Timings look quite good to me.

EDIT : edited to better manage boundary conditions (by extending the image with Neumann conditions before processing).

EDIT2: Used @garagecoder trick to manage boundary conditions of SAT. Very efficient stuff !

1 Like

In case you missed this from earlier, I added a g’mic github wiki page about how I’ve done the Neumann boundary without extending the image.

You obviously have a nice machine there, even the first version took 38s on mine! I deliberately use a very old core2 for filter writing so I get a feel for “real world” usage though…

1 Like

Ah sorry, I’ve missed that indeed.
I’ll check and try to make a better version with your boundary tricks!

1 Like

deintegim2 is just a quick hack to answer the question: what is the quality and performance from a very simple implementation of window sizes driven by an image, with integer window sizes?

My conclusion is: quality and performance are acceptable.

Next question: what is the change in quality and performance for non-integer window sizes, using four-point lerf at each window corner?
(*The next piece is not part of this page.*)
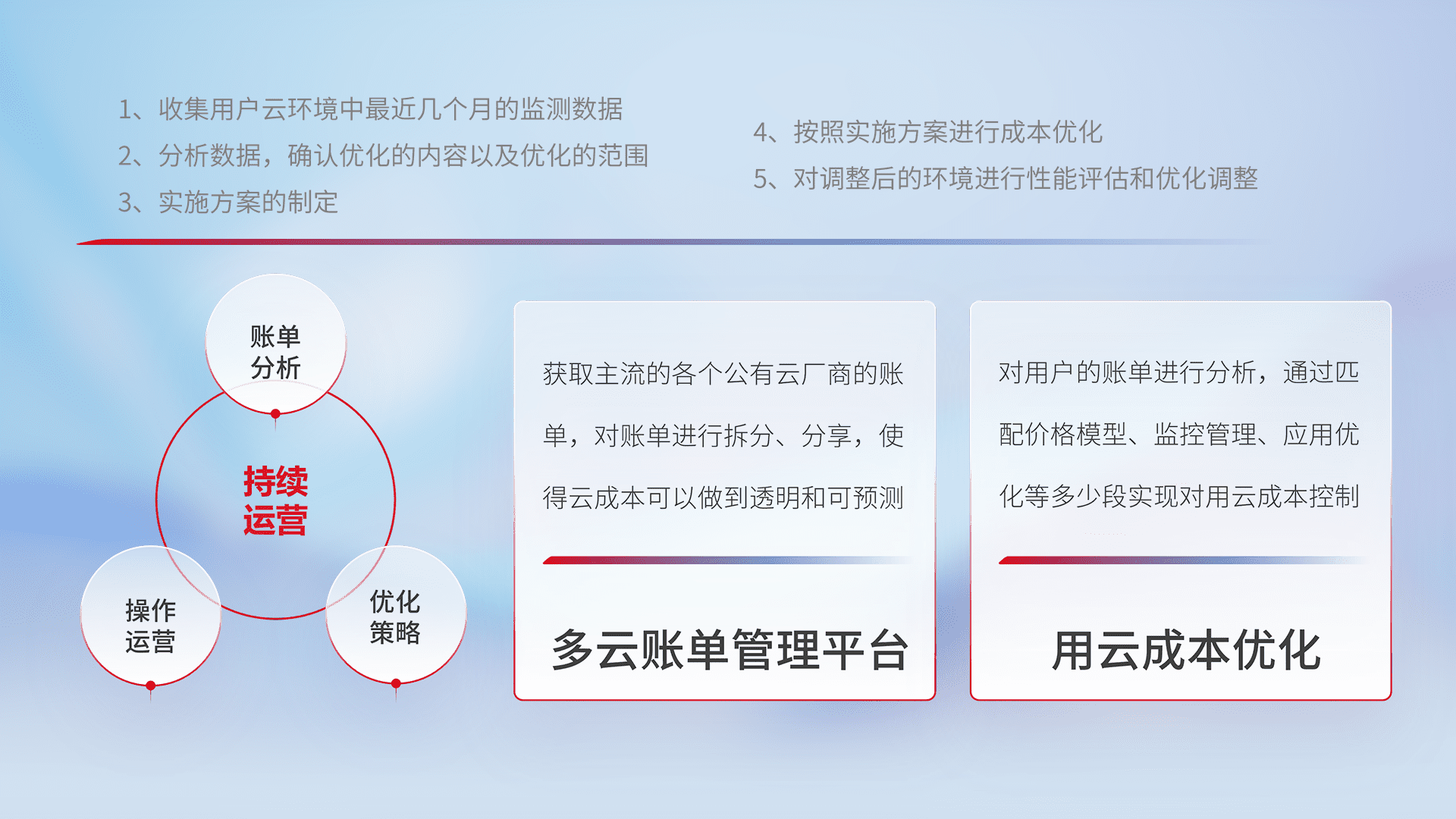 通过多云纳管,,,,以统一的资源数据模型把客户的云资源进行抽象和封装,,进而实现对多云资源的统一操作,,,,保障云资源管理的可靠性、、稳定性与可用性。。量身定制化运维内容,,配置、、、开发运维、、补丁管理、、备份、、监控、、认证和访问管理、、、审计和日常巡检等,,保障在用云过程中的可靠度,,,,稳定度以及高可用率。。。。

I find it hard to see any benefit of fractional window sizes if all we need is a blurred image. I think that only becomes significant when used as a portion of some other filter. Something involving local gradients or variance perhaps? It’s difficult to predict… I like to include it just for completeness (it’s easier to remove it than add).

Performance wise, quite a large hit when done “manually” in a 64bit gmic buffer but probably not too terrible when compiled.

Tested your command on an 8K tiger. Takes about 1 min.

gmic sp tiger,8000 +f 1 tic +gcd_boxfilter_local.. . toc rm.. -

In terms of gcd_boxfilter_local_hp, it stops working at 8K with the error ouput

*** Error in ./gcd_boxfilter_local_hp/*repeat/*local/ *** Command 'fill': [instance(0,0,0,0,0000000000000000,non-shared)] gmic<double>::assign(): Failed to allocate memory (31.9 Gio) for image (4283106549,1,1,1).

I tried 4K but it stops without an error !

May need debugging.

With 4k I get this error:
[gmic] G'MIC encountered a fatal error. Please submit a bug report, at: https://github.com/dtschump/gmic/issues

On my Mac 8k shows the same fatal error, not with 4k!

@garagecoder

Using gcd_boxfilter_local (or afre_box0):

gmic sp tiger / {iM} +sqr repeat 2 l[$>] +f 3 gcd_boxfilter_local.. . rm. endl done
min = 0.0112847     max = 1.00174
min = -0.000434028  max = 1.00087

Using gcd_boxfilter_local_hp:

min = 0.0120968     max = 1
min = 0.000146329   max = 1

In the first case, the outputs of the command aren’t within the domain of the input: lower mins and higher maxes. (Means don’t appear to be affected, at least not in this example.)

Yup, side effect of the limited precision. I don’t like to “hide” the error with a cut because that might not fit every scenario. Perhaps I’ll add a second parameter for cut/normalise/nothing. In the meantime, better to either wrap it inside another command or just plain copy the code and amend (or just do a cut on each use where needed).

@afre: Did you intend a link to be in your post?

Yes, strange, it looks like a link, but it actually links to nothing.

Sorry, doubled the parentheses by mistake, which preserved the formatting but dropped the link. Have fun with the integral histogram paper.